To demonstrate the slice
modeling approach, we apply it to cross-validation models concerned
with feature selection. In addition, we
apply the same approach to
parameter estimation in classification models using likelihood basis
pursuit.
Optimization
Issues for Huge Datasets and Long Computation
Michael C.
Ferris with Todd S. Munson, Qun Chen, Jeffrey Linderoth & Meta Voelker
Many
problems arising in data mining give rise to optimization models
that
are currently intractable due to memory or time restrictions.
Examples
from classification, feature selection, imaging, and treatment
planning
immediately spring to mind.

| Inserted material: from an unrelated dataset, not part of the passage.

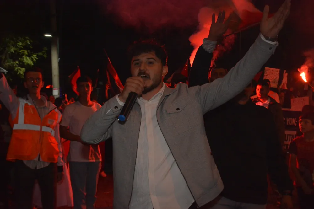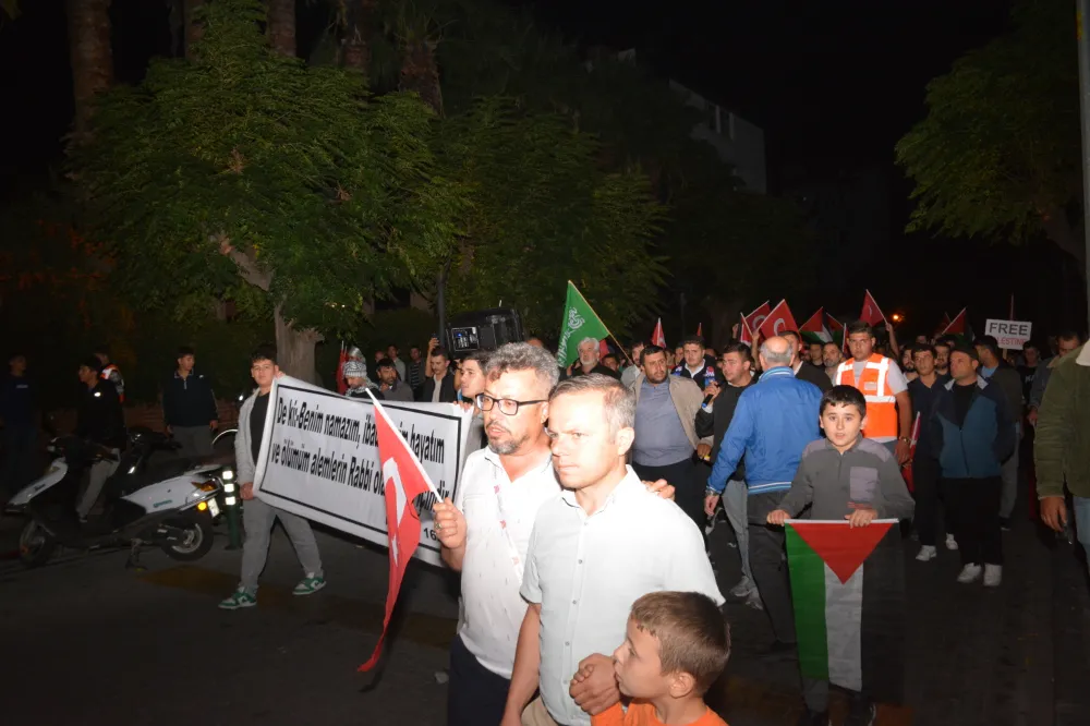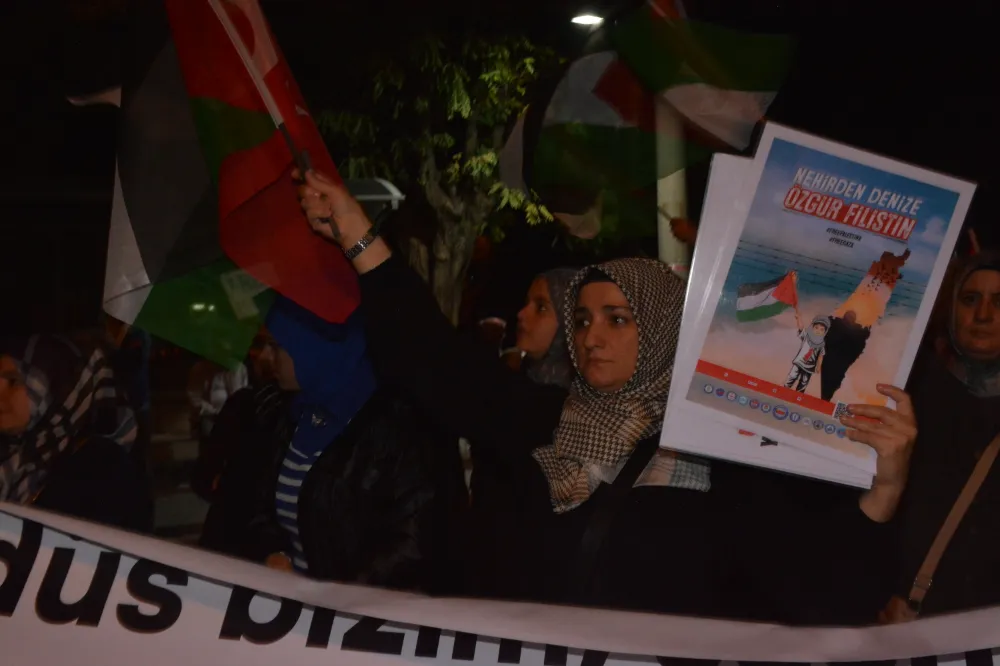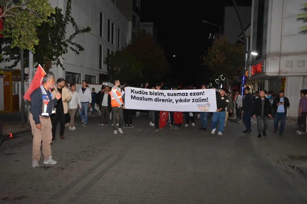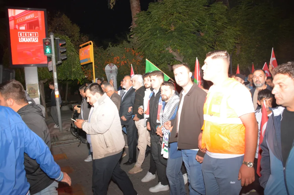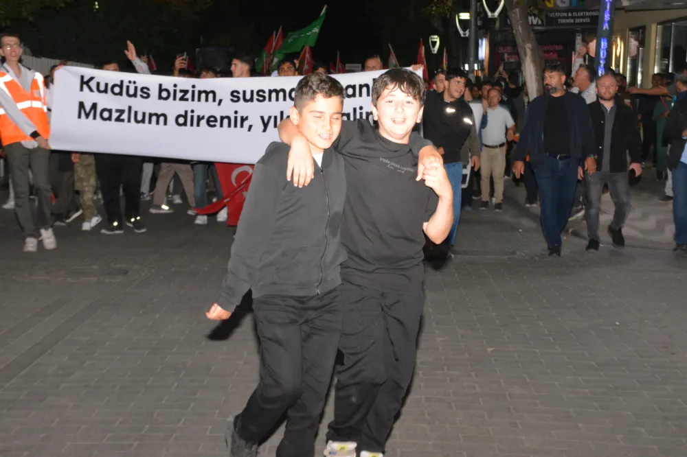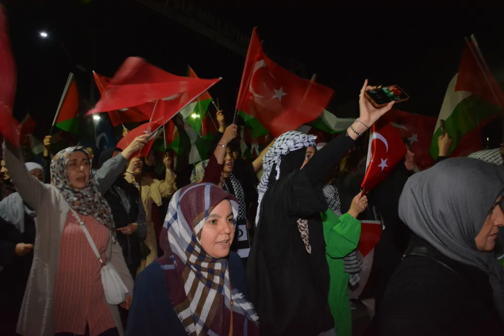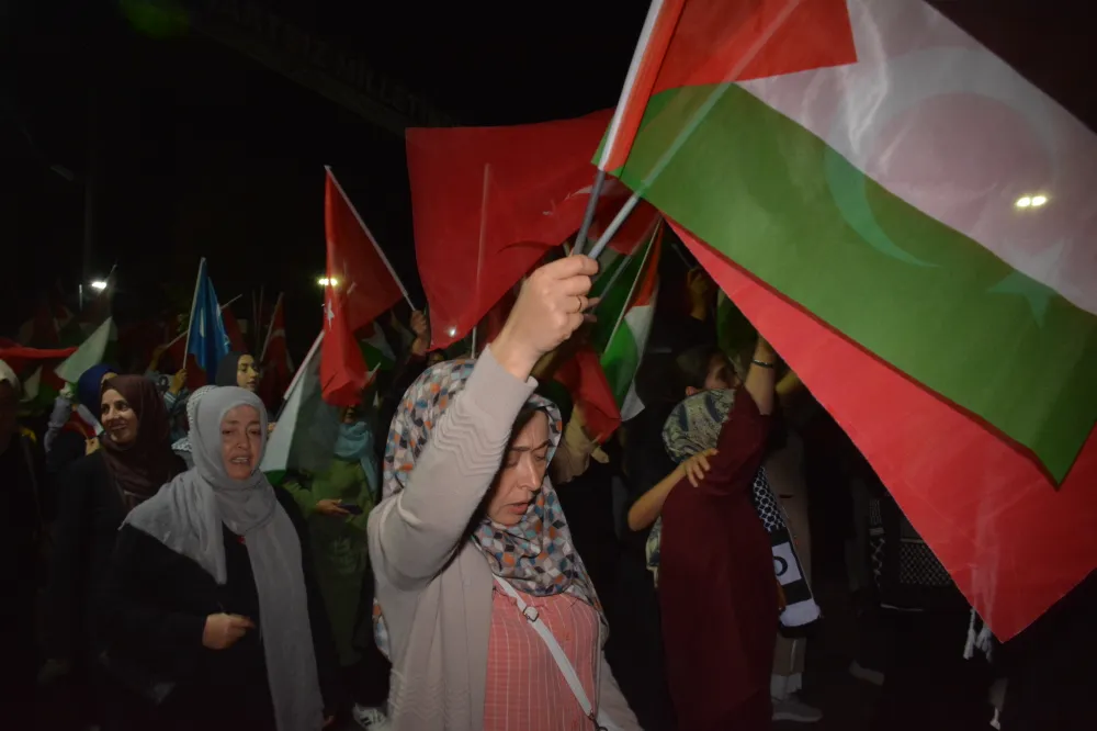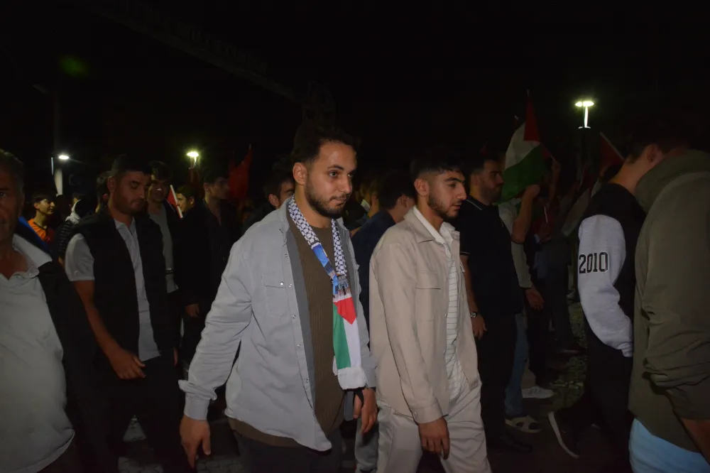 Yeni Cami önünden başlayan yürüyüşte, Gazze’ye insani yardım götürmek üzere yola çıkan Küresel Gazze Filosu’na uluslararası sularda İsrail tarafından yapılan saldırı protesto edildi. Yürüyüş boyunca tekbir s yükselirken, Gazze lehine ve İsrail aleyhine sloganlar atıldı.

In this
talk, we will review
several
approaches that are being tested for such problems and outline
the
design of a simple toolkit that provides data miners with relevant
optimization
technology.
Three
key issues will be discussed in some detail:
- Out of core data handling
- Grid computation, including fault
tolerant computation and data sharing
- Structure exploitation
We will
describe some semismooth optimization approaches and the
FATCOP
optimization algorithm in the context of these three issues, illuminating
how
approaches for these problems can significantly improve computational
time,
accuracy and increase the size of datasets treated.